WORK REQUIRED: With both ends included, repeat exactly the lines of the entries below from the one containing "叫做《从个体中心到关系视角教" down to the one containing "From 1830 to", and no others.

LISTED RECORDS below:

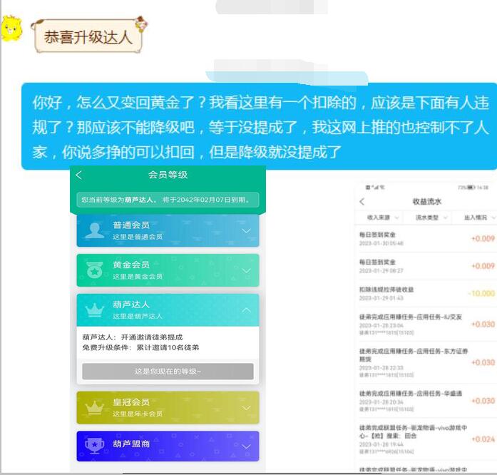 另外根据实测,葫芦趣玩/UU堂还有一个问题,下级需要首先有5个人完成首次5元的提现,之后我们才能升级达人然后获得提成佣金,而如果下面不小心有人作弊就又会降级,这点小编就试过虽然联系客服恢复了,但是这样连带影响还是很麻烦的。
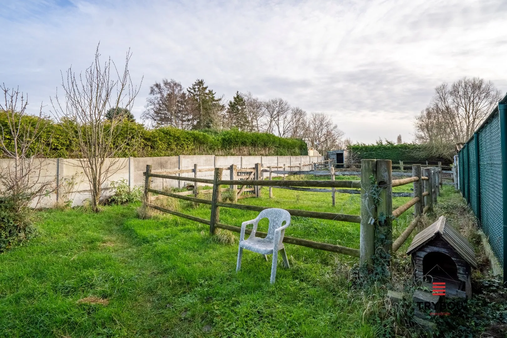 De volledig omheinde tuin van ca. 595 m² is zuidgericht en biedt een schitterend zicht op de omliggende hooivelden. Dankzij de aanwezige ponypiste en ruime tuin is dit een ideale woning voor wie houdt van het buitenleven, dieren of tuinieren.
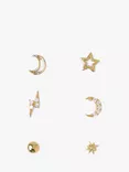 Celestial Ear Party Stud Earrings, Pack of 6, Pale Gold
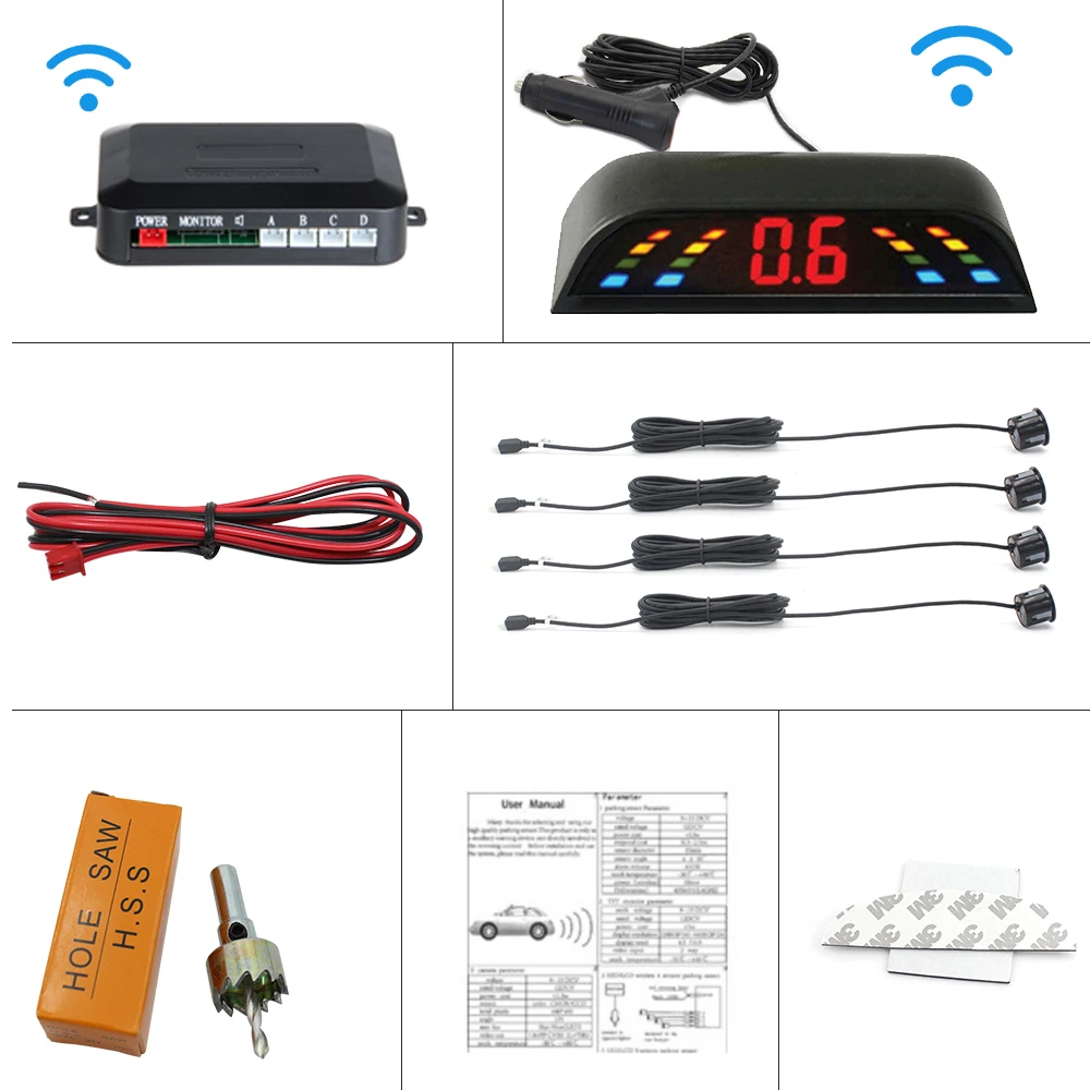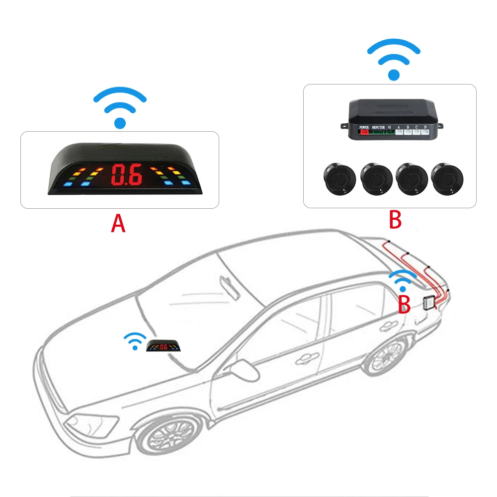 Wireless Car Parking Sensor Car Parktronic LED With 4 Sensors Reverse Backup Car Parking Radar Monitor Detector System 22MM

End of LISTED RECORDS.
LISTED RECORDS below:

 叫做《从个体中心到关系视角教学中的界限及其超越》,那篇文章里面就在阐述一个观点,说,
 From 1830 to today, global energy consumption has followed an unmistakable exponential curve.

End of LISTED RECORDS.

OUTPUT OF THE TASK:
 叫做《从个体中心到关系视角教学中的界限及其超越》,那篇文章里面就在阐述一个观点,说,
 From 1830 to today, global energy consumption has followed an unmistakable exponential curve.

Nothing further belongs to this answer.